Stephen Wilks wrote to the Premier and NSW Treasurer Gladys Berejiklian personally, raising his concerns about unfair treatment.

“I am a parent, a lawyer, a driver and car owner, and a bicycle rider. I cycle for health and fitness, riding to my city office. I don’t need to carry ID to walk to my office. Why do I need it on a bike? Why should I be treated differently to the rest of society?”

While cyclists feel they are being unfairly targeted by the new laws, a bicycle is considered a vehicle and NSW Road Rules apply, as they do to other vehicles.

The NSW Government’s ‘Go Together’ campaign argues the new rules are being introduced to help drivers, bicycle riders and pedestrians share the roads safely, and that changes are needed to promote road safety.

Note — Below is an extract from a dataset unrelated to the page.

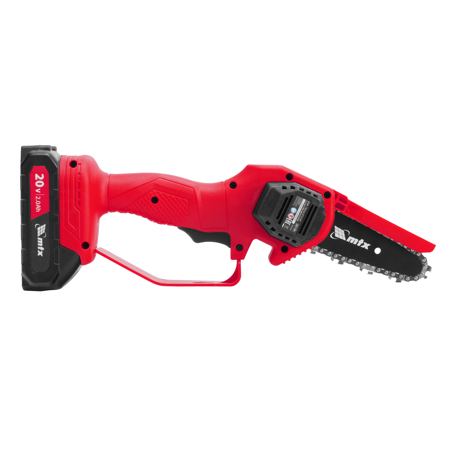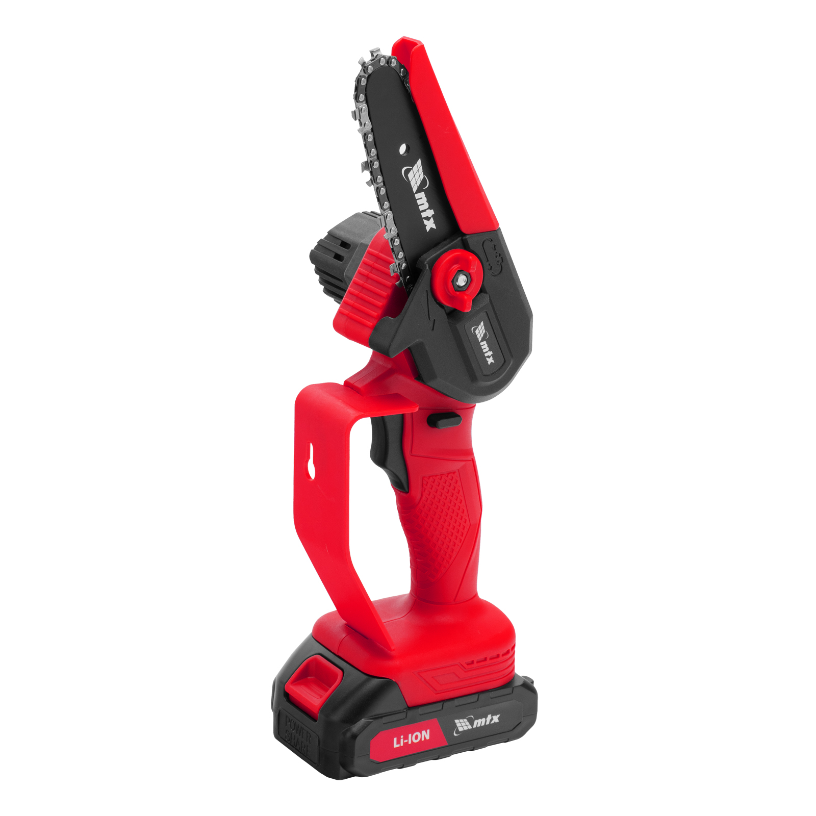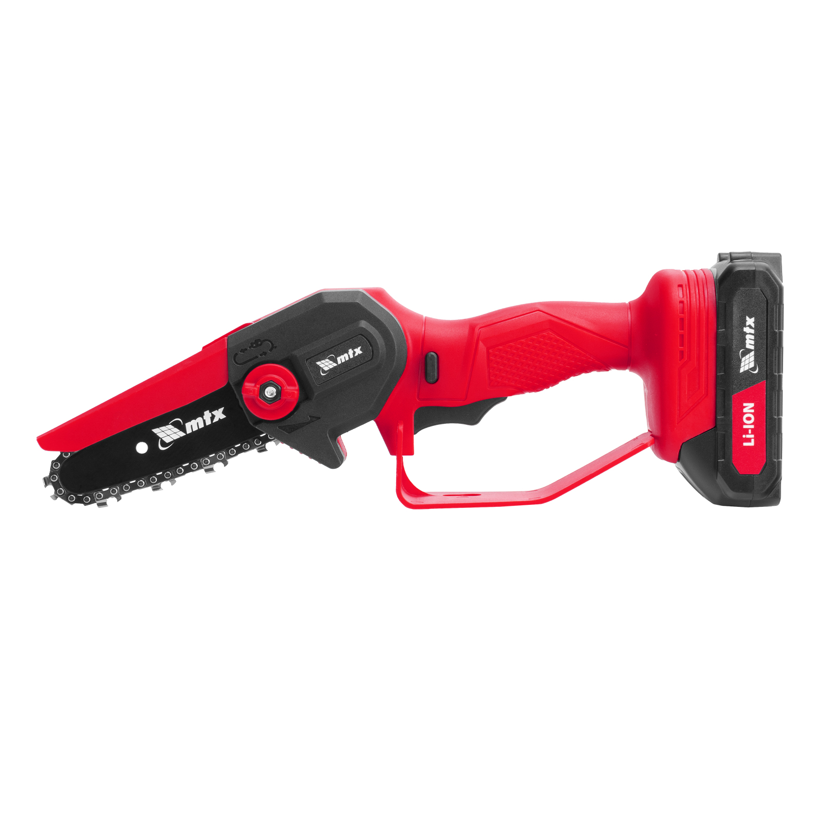 Аккумуляторная цепная мини-пила MTX MCS-100 58640 с шиной длиной 100 мм предназначена для отпиливания веток и сучков, а также пиления бруса толщиной до 100 мм. Работает от аккумулятора Li-Ion 20 В емкостью 2 А·ч, пригодится для работы на садовом участке и в мастерской, также пилу удобно брать на выездные работы.

Jodi McKay wrote to Bicycle NSW on behalf of the Labor Opposition to support the campaign against the Go Together package.

“NSW Labor believes that cycling is good not just for cyclists but for the environment, public health, and for dealing with congestion in our cities,” she wrote.

“The recently released ‘Go Together’ package does nothing to encourage people to take up cycling, instead effectively targets cyclists by taking a ‘stick approach’ that focuses on increased rules and regulations.”

Ms McKay says there is no evidence to suggest carrying photo identification will improve safety for road users, and has written to the Minister requesting such evidence.

“We are very disappointed that we have over 10,000 concerned bicycle riders [and] 26 bicycle groups from around NSW and the Premier has not taken any notice of this,” Mr Rice said.

But despite the vocal opposition, it seems the tough new measures will come into force as planned.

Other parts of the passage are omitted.